Congress has now made it quite clear it doesn't trust President Donald Trump--and that includes Republicans as well as Democrats. The House voted 419-3 to toughen economic sanctions against Russia, North Korea and Iran. The Senate followed suit with a 98-2 vote, introduced by Foreign Relations Committee Chairman Bob Corker (R-Tenn). What's especially noteworthy about these bills is an unprecedented clause that the president cannot unilaterally relax sanctions on his own. Instead, if he wants to do so, the bills give congress the authority to hold a vote within 30 days to reverse the president's decision. Read the details here.
This is highly unusual. Most of the time sanctions are imposed when a foreign nation is found to be doing such things as violating international law or human rights, committing aggression or supporting terrorism. Presidents are routinely given the authority to roll back the sanctions following an executive branch finding that the offending nation has ceased its objectionable behavior. In this case Iran's violation is in supporting terrorism, North Korea's are its nuclear and missile development programs in defiance of U.N. resolutions and its treaty obligations, and Russia's include aggression against Ukraine and its meddling in the U.S. 2016 presidential election.

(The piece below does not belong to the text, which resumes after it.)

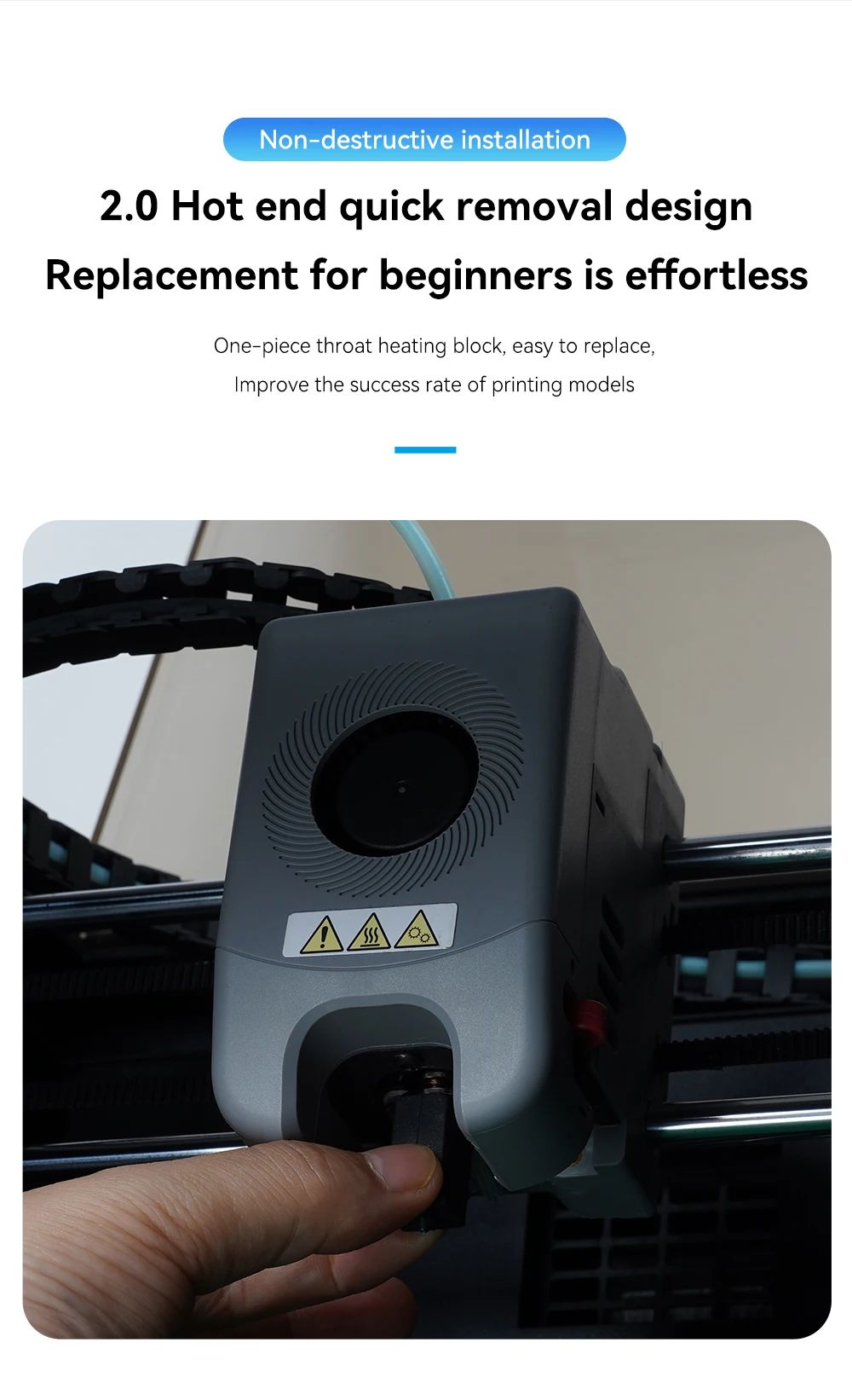 1. Quick Release Design: Effortlessly remove and replace the hot end for easy maintenance.

Corker and overwhelming supermajorities in both houses are extremely concerned Trump might relax sanctions, particularly against Russia, on his own. He continues to deny or minimize Russian election interference and praise Russian strongman and civil rights abuser Vladimir Putin. The margins of these votes are a clear signal to Trump that if he vetoes the bill congress has the votes to easily override him and pass the legislation with better than the two-thirds majority required by the constitution. That a Republican-majority congress would pass a bill so limiting a Republican president's ability to exercise a customary function speaks volumes about how little even the members of his own party trust this president to act in the national interest when it comes to foreign policy.